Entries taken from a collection
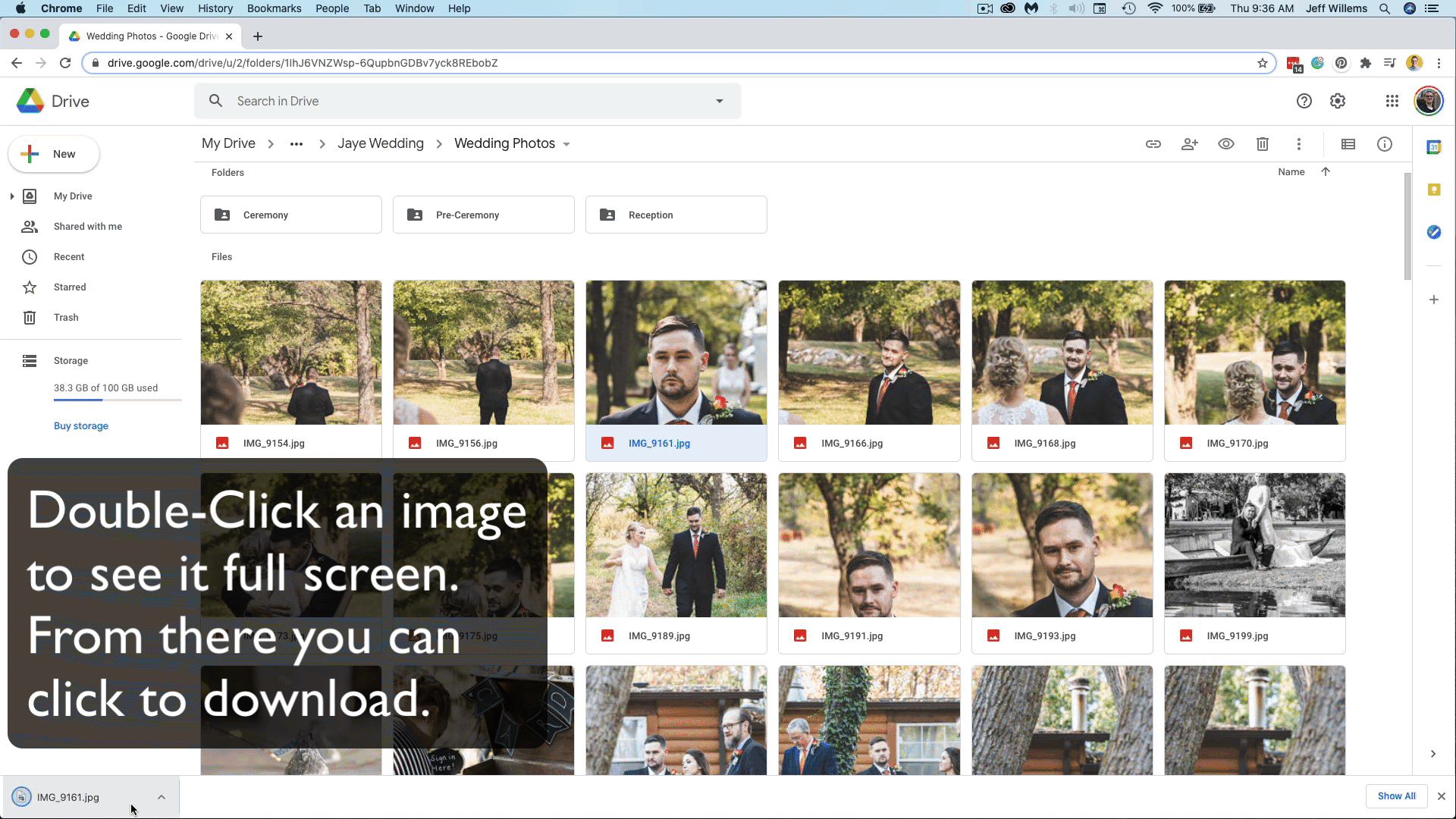 Once you're in the folder containing all the images. You can double-click on an image to bring it up in a larger view and scroll through the gallery. To download an image there are two ways to do it, see the gifs below for instructions.
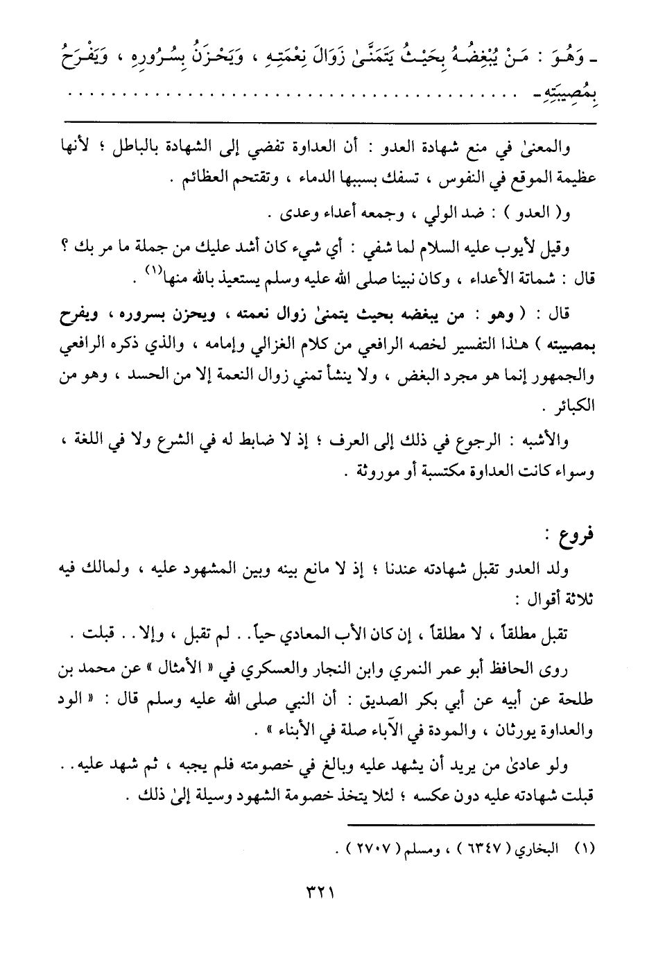 قال: (وهو: من يبغضه بحيث يتمني زوال نعمته، ويحزن بسروره، ويفرح بمصيبته) هذا التفسير لخصه الرافعي من كلام الغزالي وإمامه، والذي ذكره الرافعي والجمهور إنما هو مجرد البغض، ولا ينشأ تمني زوال النعمة إلا من الحسد، وهو من الكبائر.
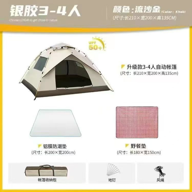 텐트 야외 접이식 휴대용 야외 캠핑 장비 캠핑 밤새도록 두꺼워진 완전 자동 원클릭 개폐 전체 세트스토어 가기
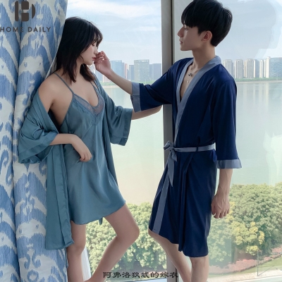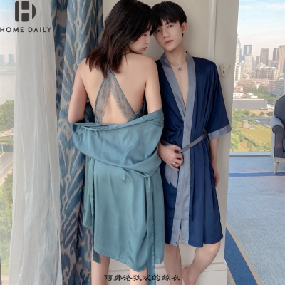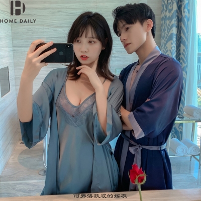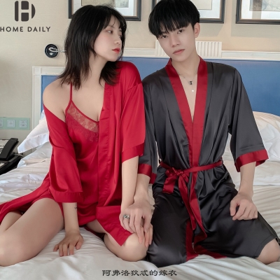 Đồ ngủ đôi, đồ ngủ lụa mùa hè, váy ngủ nữ tính, dịch vụ mặc nhà mỏng của đàn ông bằng lụa thật, đồ ngủ mùa xuân và mùa thu - Cha mẹ và con
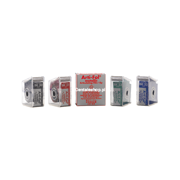 Arti-Fol® Metallic 12μ ist eine Hightech-Kontrollfolie mit deutlich verbesserten Eigenschaften. Diese Kontrollfolie besteht aus einer metallisierten Polyesterfolie (Shimstock-Folie) mit einer dünnen Dicke von 12μ. Die Kombination einer Farbstoffschicht und einer metallisierten Polyesterfolie hat bei einigen Anwendungen deutliche Vorteile. Die Folie zeichnet sich durch eine sehr gute Farbübertragung aus. Besonders auf Porzellan und polierten Metalloberflächen sind die Kontaktpunkte deutlich. Dank der Verwendung von metallisierter Folie wurde das Problem der statischen Elektrizität weitgehend eliminiert. Die Folien lassen sich ganz einfach ohne Pinzette anbringen. Das Material ist außerdem sehr reißfest und kann daher erfolgreich zur Kontrolle der Kaufläche des Zahns eingesetzt werden. Im Gegensatz zu herkömmlichen Metallic-Folien markiert Arti-Fol® Metallic genau die Kontaktpunkte. Dank der metallisierten Rückseite der Folie ist die Seite mit der Farbschicht gut zu unterscheiden. Arti-Fol® Metallic eignet sich dank seiner hohen Reißfestigkeit und geringen Materialstärke ideal zur Kontrolle von Kontaktpunkten beim Aufsetzen von Brücken oder Kronen. Mit der neuen Arti-Fol BK 145 Pinzette lässt sich die Folie einfach an den Kontaktstellen anbringen. Arti-Fol® Metallic ist in vier Farben erhältlich. Mit der neuen Arti-Fol BK 145 Pinzette lässt sich die Folie einfach an den Kontaktstellen anbringen. Arti-Fol® Metallic ist in vier Farben erhältlich. Mit der neuen Arti-Fol BK 145 Pinzette lässt sich die Folie einfach an den Kontaktstellen anbringen. Arti-Fol® Metallic ist in vier Farben erhältlich.
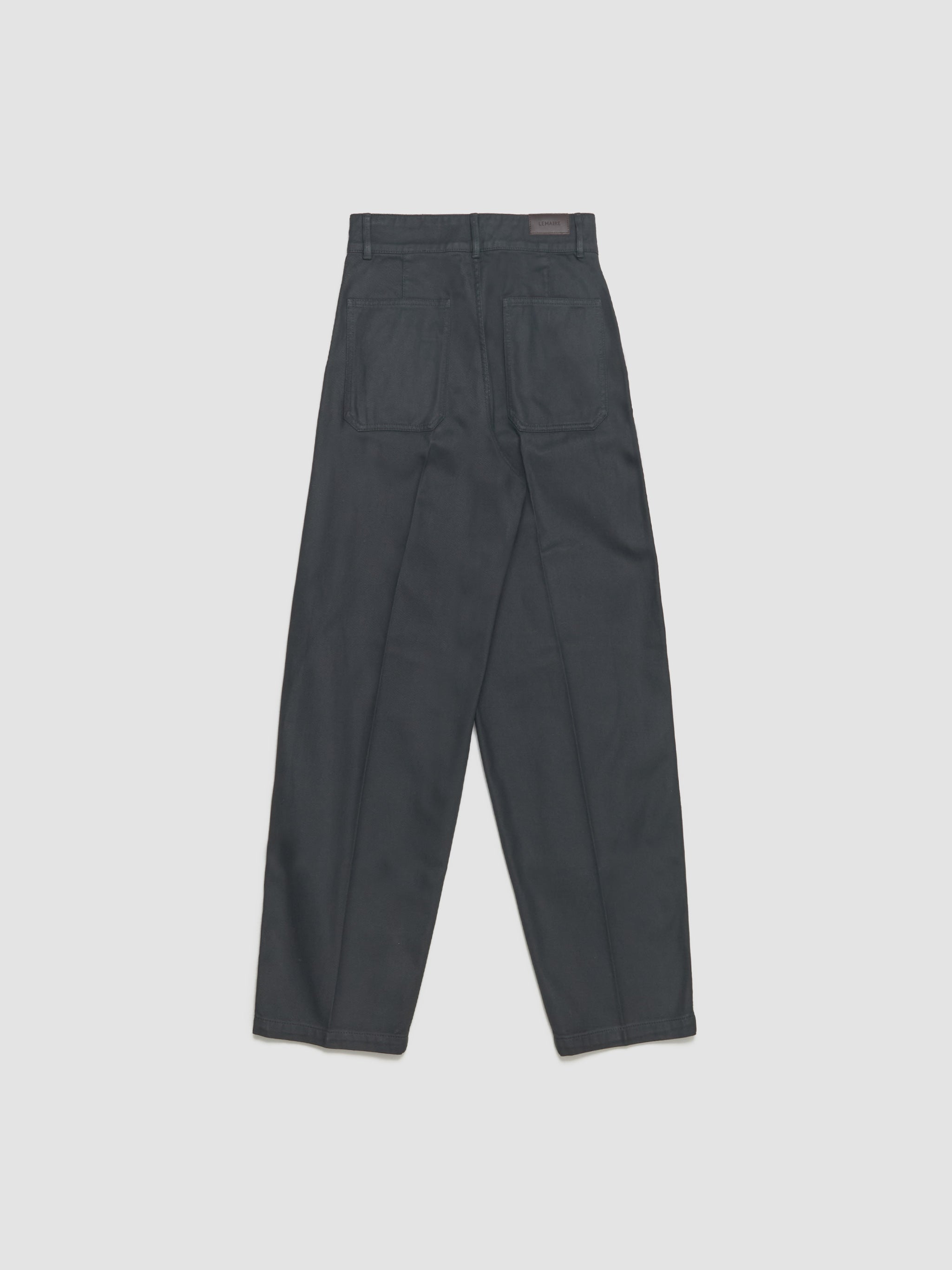 Lemaire Maxi Barrel Workwear Pants in Coal are made from 100% cotton following a straight-leg silhouette with pressed pleats at the legs.
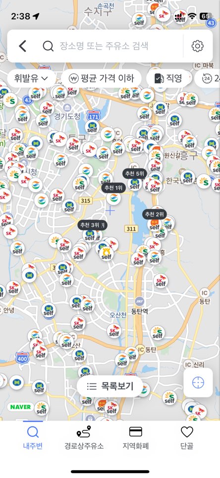 1. 오일나우 어플을 깔아보면 주유소와 전기차 충전하는 곳이 먼저 나옵니다.
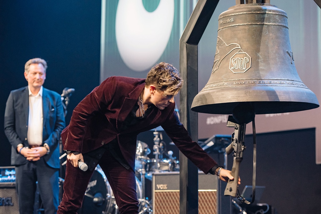 Michael Patrick Kelly mit seinem Projekt #PeaceBell – die Friedensglocke beim Deutschen Nachhaltigkeitspreis 2022. (Bild: Dariusz Misztal)
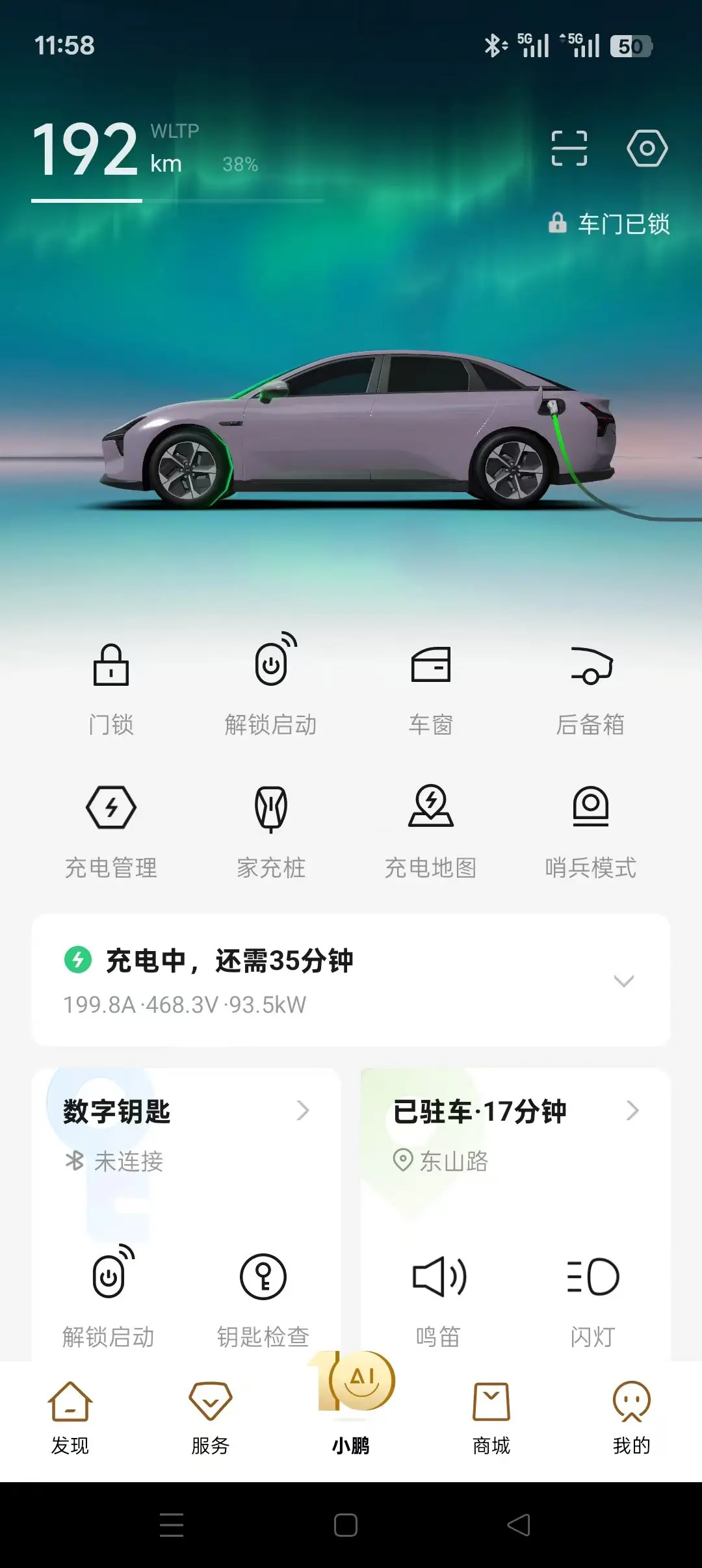 国家电网去充了一次快充,从30%到100%,大概50分钟左右,共话费29元(中午0.6元/度),等下次家里晚上去充,还能更便宜

**What is required:** Retype the lines above exactly as they appear, from the line containing "텐트 야외 접이식 휴대용" through the line containing "Đồ ngủ đôi, đồ", and leave out any pictures.

**Solution for this task:**
 텐트 야외 접이식 휴대용 야외 캠핑 장비 캠핑 밤새도록 두꺼워진 완전 자동 원클릭 개폐 전체 세트스토어 가기
 Đồ ngủ đôi, đồ ngủ lụa mùa hè, váy ngủ nữ tính, dịch vụ mặc nhà mỏng của đàn ông bằng lụa thật, đồ ngủ mùa xuân và mùa thu - Cha mẹ và con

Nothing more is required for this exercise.